„If Hungary’s news industry is drifting towards the Putinist model of a controlled state media it has a long way to go. The most popular online news sites in Hungary, and around half of the main newspapers and broadcasters, are vehemently critical of the government. Something you cannot really call a totalitarian media landscape. However, they are all struggling with vanishing advertisers and are financially overexposed to their owners’ business interests and government PR spending.
This story is about how foreign media ownership distorted a small market and left it highly vulnerable when search engines hijack ad revenues, and social media demolish traditional news distribution. (...)

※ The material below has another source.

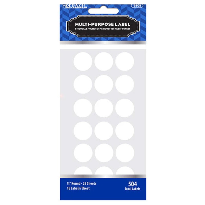Bazic White Label 3/4″ Round Total 504 Labels per Pack.
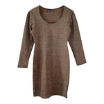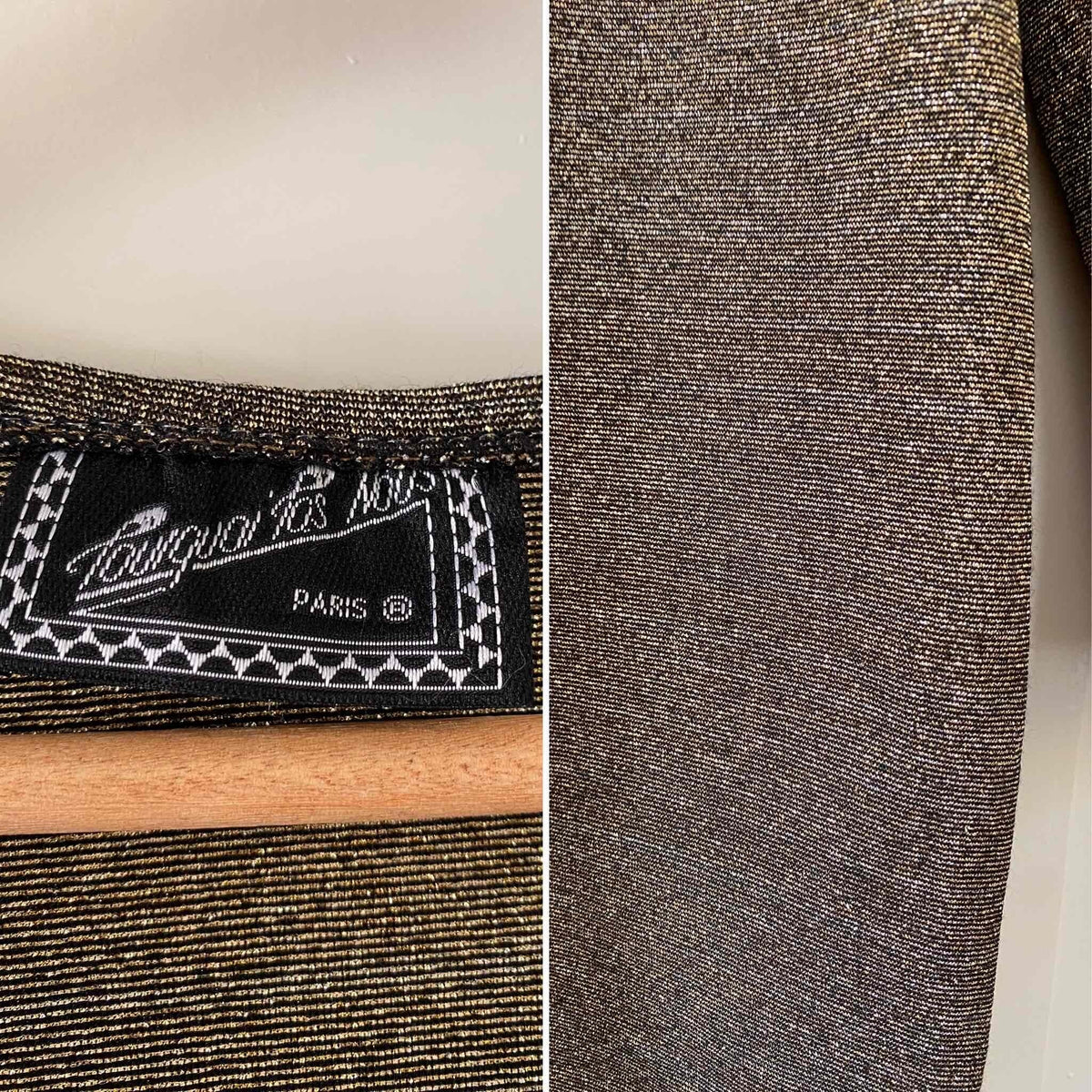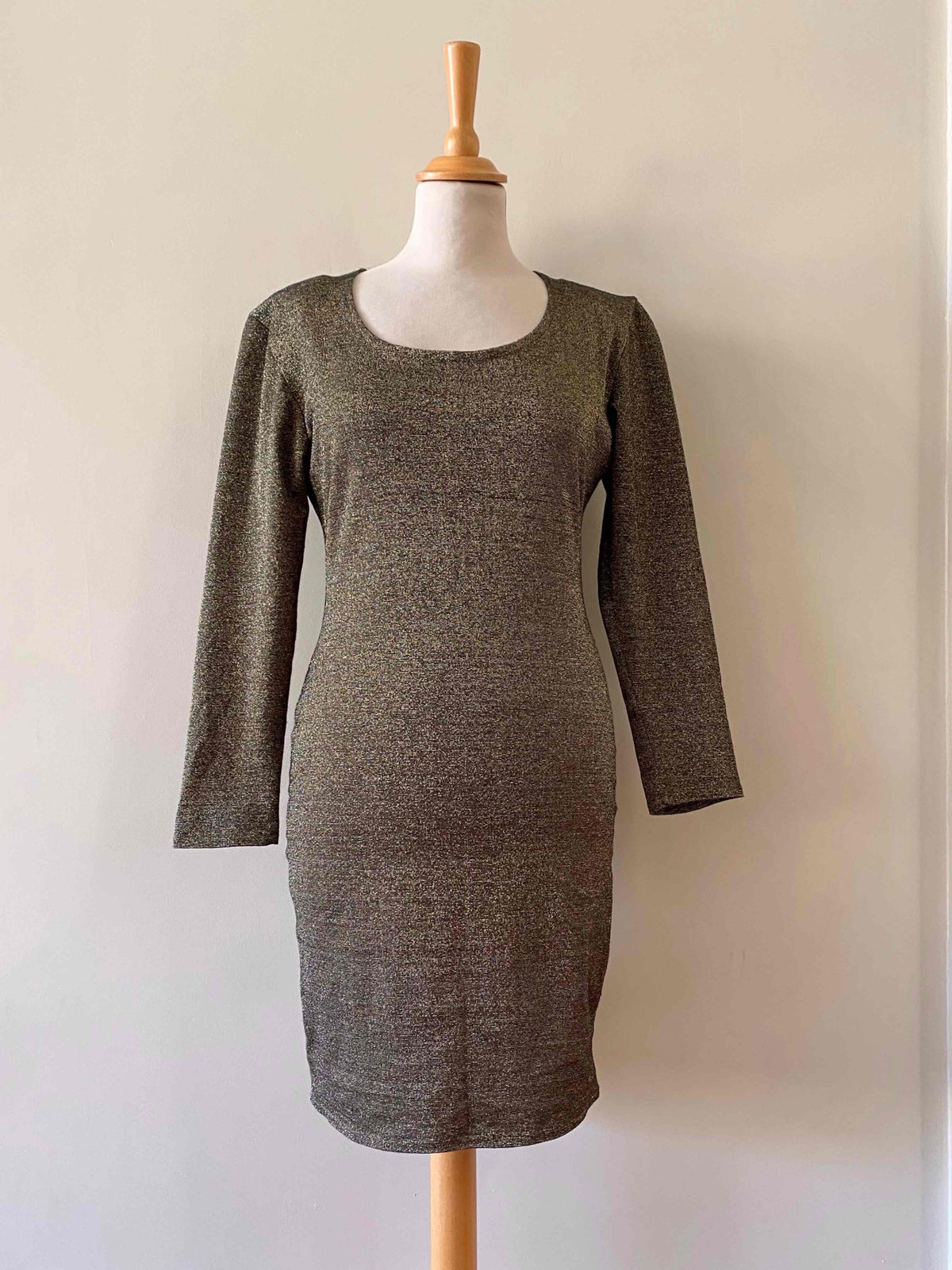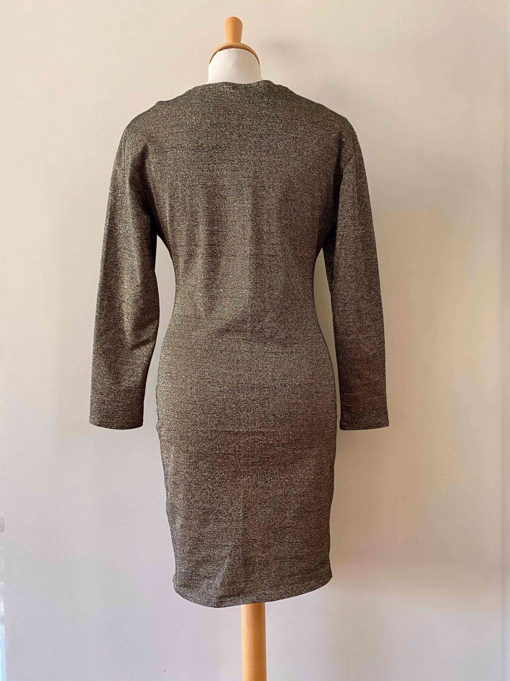 Mini robe en maille lurex, noire lurex doré et argenté, encolure danseuse, manches longues, forme moulante, fabriquée en France, taille 36 portée ici sur un mannequin T36.

Western media conglomerates bought up Hungarian newspapers like cheap candy in 1989 and 1990, before, during and immediately after the first free democratic parliamentary elections. For example, in the very final hours of Hungarian communism, in 1990, the German company, Axel Springer, the WAZ group, an Austrian and an English investor struck hasty deals with the communist party (or its successor, MSZP), to buy regional newspapers (with a combined daily circulation of at least 1.2 million people at that time).
Since news publishing is no longer a profitable business, and in the face of falling circulation, these very same grocers have recently been seen »restructuring their portfolios« or fleeing their Hungarian investments altogether.
Any independent and free press in a democracy (and Hungary is still one, contrary to popular assumptions in the western media) needs sound financial foundations, a viable business model of quality journalism. This is something that the news industry does not have any more, not only in Hungary but in the whole western world.”